Les récepteurs de l'insuline (IR) et leur fonction stimulée par l'hormone sont sensibles à leur environnement lipidique (Field et coll., 1989). Lorsque l'insuline se lie au domaine fixateur extracellulaire du récepteur transmembranaire, le domaine tyrosine-kinase intracellulaire de ce dernier s'active par une série d'autophosphorylations (Alberts et coll., 2002). Des études effectuées chez des rats où une incorporation d'acides gras polyinsaturés a eu lieu dans les membranes suite à une alimentation contenant un haut ratio d'acides gras polyinsaturés / saturés (P/S) ont montré que les récepteurs des adipocytes liaient plus d'insuline que ceux provenant des rats alimentés d'une ration contenant un faible ratio P/S (Field et coll., 1988; Field et coll., 1990).
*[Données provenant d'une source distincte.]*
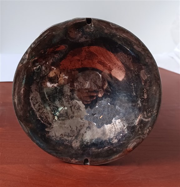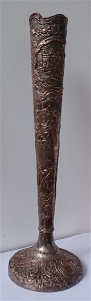 Vaso in metallo sbalzato a scene di genere entro riserve decorate a volute fogliate, valve di conchiglia, fiori e volatili. Fusto inciso con monogramma "W" e base "New Orleans 2/24/19". Germania, secolo XIX (h. cm 46) (lievi difetti)
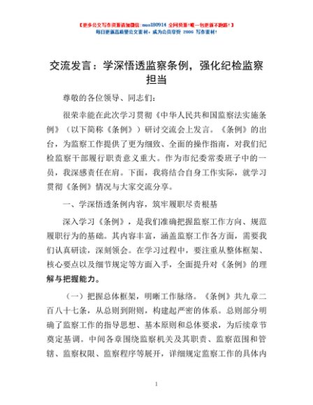 / 交流发言:学深悟透监察条例,强化纪检监察担当
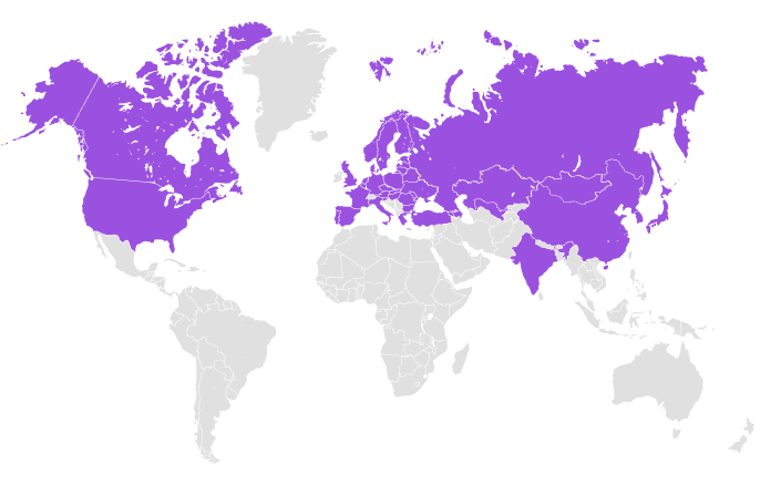 - Португалия, Испания, Франция, Великобритания, Бельгия, Голландия, Люксембург, Германия, Дания, Чехия, Швеция, Норвегия, Финляндия, Австрия, Италия, Словения, Венгрия, Словакия, Польша, Литва, Эстония, Латвия, Болгария, Турция, Греция, Румыния, Молдавия, Украина, Беларусь, РФ, Грузия, Азербайджан, Армения, Казахстан, Узбекистан, Киргизия, Монголия, Китай, Индия, Япония, Южная Корея, США, Канада.
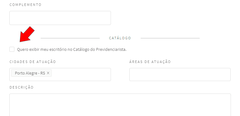 Por isso, caso não queira aparecer no Diretório, basta entrar no seu escritório, em configurações, ir em editar dados do seu escritório e desmarcar a opção: Quero exibir meu escritório no Catálogo do Previdenciarista.
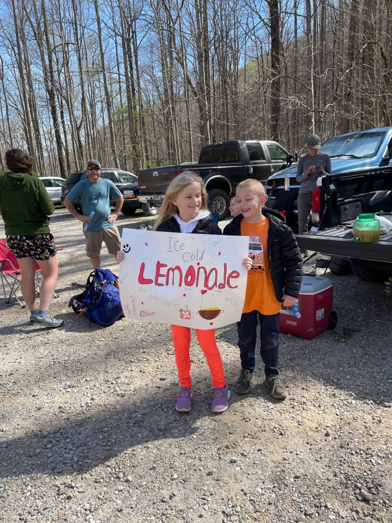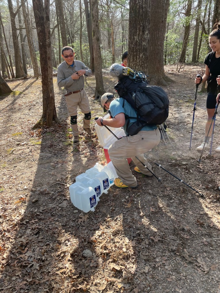 Quinton’s parents were supposedly doing trail magic about a mile and a half past the shelter at Gooch Gap. Trail magic is when people called “Trail Angels” provide food, drinks, and other small comforts at their own expense, to hikers along the trail. It is relished and deeply appreciated by hikers. There’ nothing better than coming around a bend of the trail to see coolers and water bottles left by Trail Angels. We looked forward to our first Trail Magic.

Il en est de même pour le muscle squelettique chez des rats nourris d'une ration à teneur élevée en AGn- 3LC provenant d'huile de poisson, chez qui les récepteurs insuliniques étaient plus actifs que les rats qui recevaient une ration faible en n-3 (Liu et coll., 1994). Une ration riche en AGn-3LC peut donc augmenter l'activité des récepteurs insuliniques.
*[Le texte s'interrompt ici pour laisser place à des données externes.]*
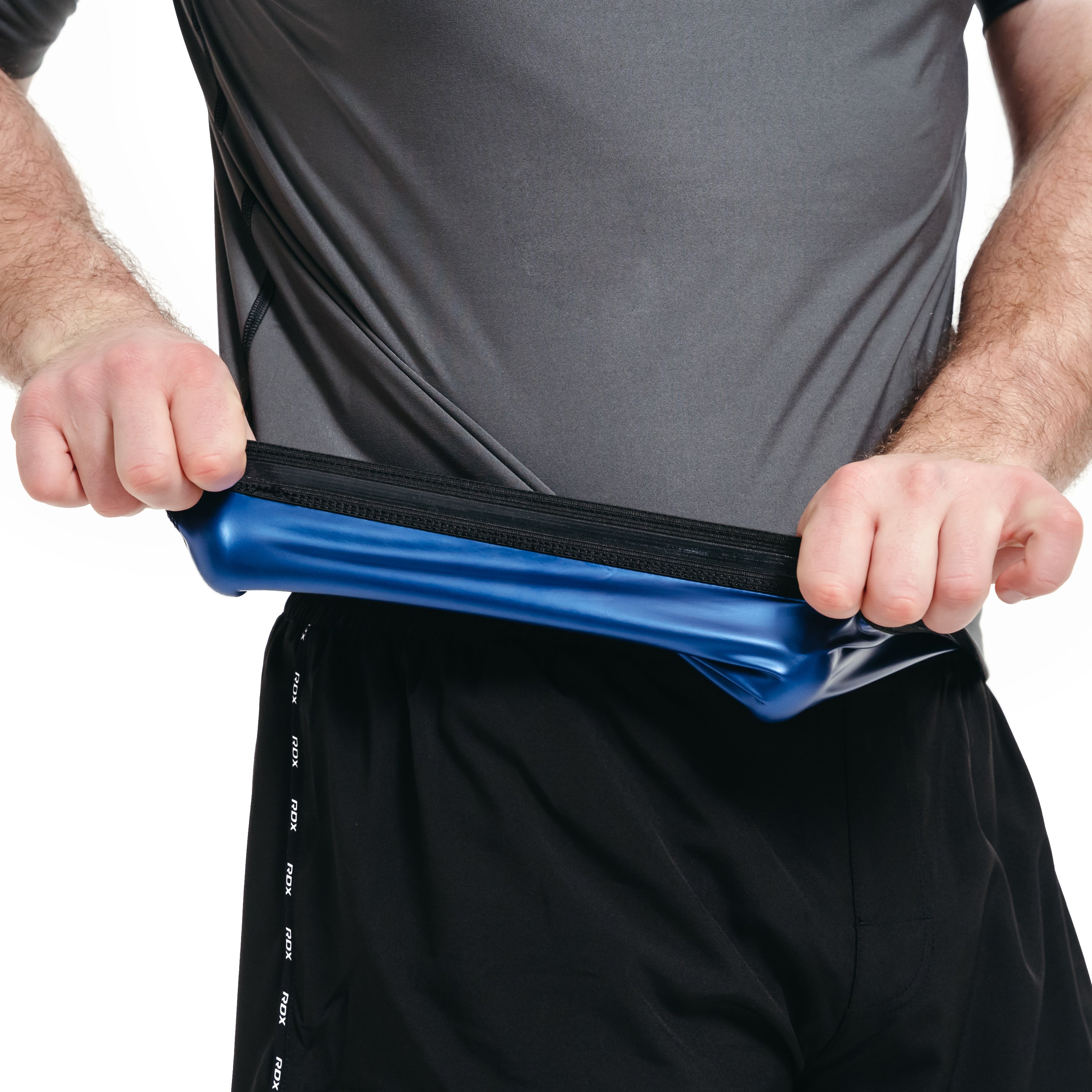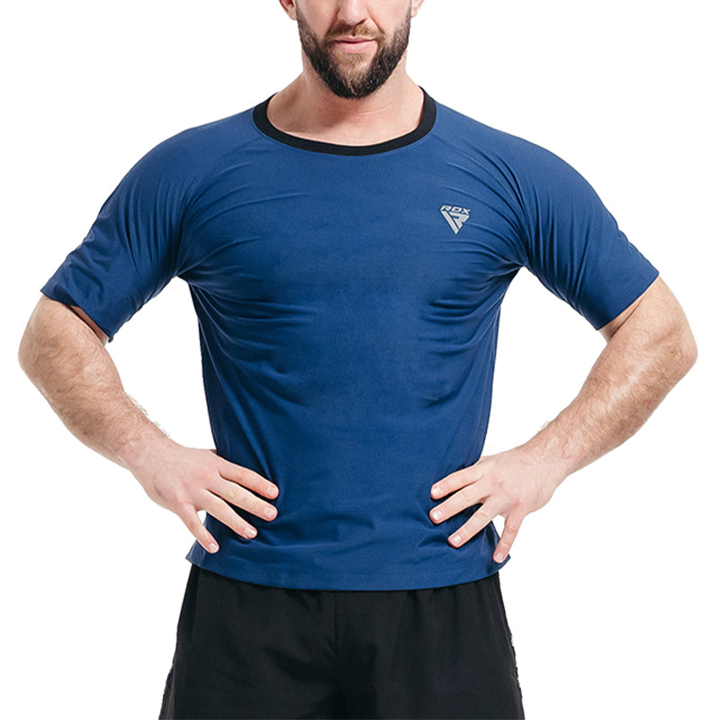 Unlock 5x sweat power with the RDXs latest sweat T shirt for men (REACH & OEKO-TEX 100 compliant). Heat Suit Tech's blue lining expedites your workout efficiency, sculpting your body along the way. Hugging fabric moves freely, reflective bits keep you seen, and anti-slip grip stays put. From walks to sprints, conquer it all in comfort.

Les AGn-3LC fournis par l'alimentation augmentent la sensibilité à l'insuline des cellules musculaires par l'augmentation du nombre de récepteurs insuliniques à leur surface (Taouis et coll., 2002). En effet, le nombre de liaisons insuline-récepteur était plus élevé dans les sarcomeres des muscles squelettiques de rats alimentés d'une ration riche en n-3 que ceux alimentés d'une ration standard (Liu et coll., 1994). Cette augmentation du nombre de récepteurs de l'insuline par cellule a été également observée chez des rats dont les glycérophospholipides ont été enrichis en acides gras polyinsaturés par l'ingestion d'huile de tournesol (Ginsberg et coll., 1982). Ainsi, en présence d'une concentration physiologique d'insuline simulant un état alimenté (100 - 150 pU/mL), les cellules enrichies en acides gras polyinsaturés présentaient plus de deux fois plus de récepteurs que les cellules des rats non enrichis.
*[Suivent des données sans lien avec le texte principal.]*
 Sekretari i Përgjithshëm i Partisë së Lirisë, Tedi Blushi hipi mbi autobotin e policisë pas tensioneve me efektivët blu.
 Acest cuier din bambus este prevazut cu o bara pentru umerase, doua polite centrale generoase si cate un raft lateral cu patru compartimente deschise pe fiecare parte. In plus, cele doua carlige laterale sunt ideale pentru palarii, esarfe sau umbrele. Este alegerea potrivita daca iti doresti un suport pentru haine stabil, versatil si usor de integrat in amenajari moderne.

Les AGn-3LC des glycérophospholipides favorisent l'activation de la voie de signalisation intracellulaire insulinique. Après la fixation des molécules d'insuline aux récepteurs suivie de leur autophosphorylation, les résidus tyrosine phosphorylés des récepteurs eux-mêmes

et subséquemment des substrats des récepteurs (IRS-1) vont offrir des sites d'ancrage pour d'autres molécules de la voie insulinique. Une étude effectuée chez des bouvillons a révélé qu'un enrichissement des membranes des muscles squelettiques en AGn-3LC par une infusion abomasale d'huile de menhaden a mené à une augmentation d'activation d'Akt de 141 %, de mTOR de 474 %, de S6K1 de 209 % et une tendance pour l'augmentation de la 4E-BP1 de 130 % (Gingras et coll., 2007). De plus, une tendance à l'expression accrue du transporteur de glucose GLUT4 (133 %) a été observée. Une étude a été effectuée chez des rats ayant consommé une ration riche en gras (58 % de l'énergie ingérée) enrichie ou non en AGn-3LC. Bien que l'abondance des récepteurs de l'insuline dans les membranes des muscles squelettiques soit demeurée stable avec la ration riche en n-3, cette diète a permis de prévenir une diminution de la phosphorylation du résidu tyrosine du récepteur de l'insuline et du IRS-1, ainsi qu'une diminution de l'activité de la PI3K en comparaison à la diète témoin (Taouis et coll., 2002).